Who'd ever heard the cute-as-morning-sickness phrase "baby bump" until about 10 years ago? I hadn't, even when my own bump looked like Rachel Ray. Now the bump's right up there with the Birkin bag — an accessory every tabloid feels compelled to comment on. "Is that a baby bump?" "Proudly displaying her baby bump ... " Or sometimes it's just an arrow excitedly pointing, "The bump," — as if they've found Osama.

Skenazy thinks that we, the public, dwell on babies — not just celeb kids but our own — because "they're our hobby, our status, our conversational calling cards, our Second Lives." Well guess what, lady? Some of us do not give a shit. Sure, the Jolie-Pitt kids are cute — the adopted and biological ones — but so are so are puppies and platypi.

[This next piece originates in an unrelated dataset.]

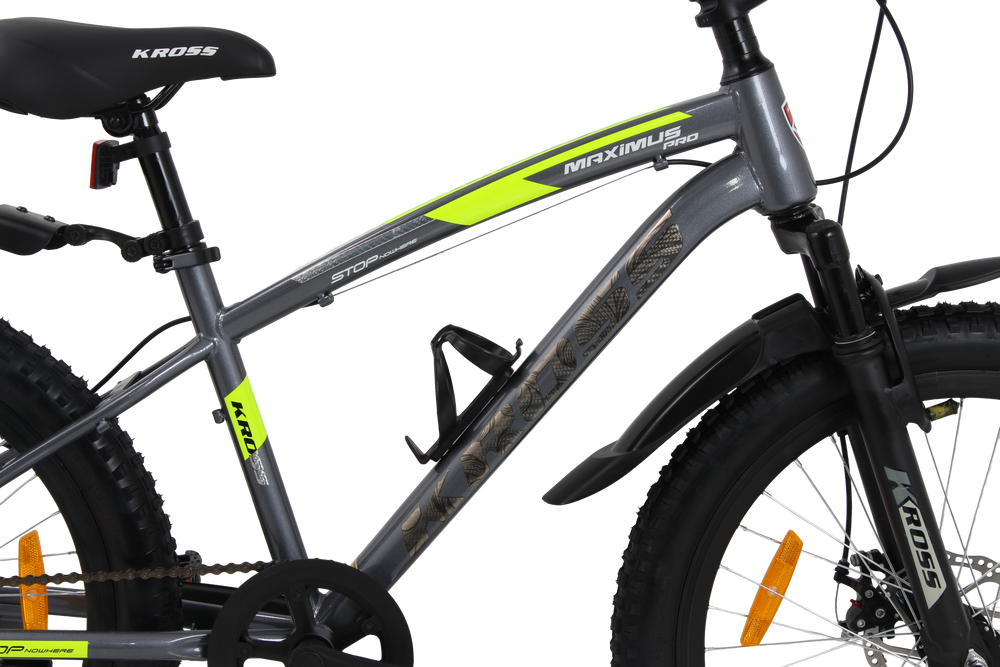 The Kross Maximus Pro 24T is a strong, stylish and performance-focused kids’ MTB designed for everyday riding, adventure trails and city use. Built on a high-tensile ergonomic steel frame, it features a front suspension fork for better shock absorption and dual disc brakes for powerful, reliable stopping in all conditions.

But there are no platypi on the cover of Us Weekly because all women are supposed to have BABY FEVER. I hate, HATE the predisposed notion that the lack of a Y chromosome means I must involuntarily drool at the sight of an infant. Cute babies are cute, but some of them look like undone suckling pigs that need to go back in the oven. This is coming from a woman with no pets and no plants, who finds it emotionally draining to be responsible for herself and is not, at this juncture of her life, in the mindset to care for another human, animal or snippet of flora. But the tabloids seem to think we all have BABY FEVER, that no woman is immune, that if you have ovaries then you're gonna want to hear about someone else's. I'm not into babies! Hopefully I would be, if they were mine, but they're not! They belong to rich people I have never met. And the only thing worse than being expected to give a crap about a random kid is giving a crap about a random maybe-possibly pregnant woman! Is it a requirement of femininity to care about celebrity children? Am I destroying the sisterhood if I don't give a fuck about Jen Garner's uterus? Why is it suddenly mandatory to be on "bump watch"? Am I the only one who just doesn't give a shit?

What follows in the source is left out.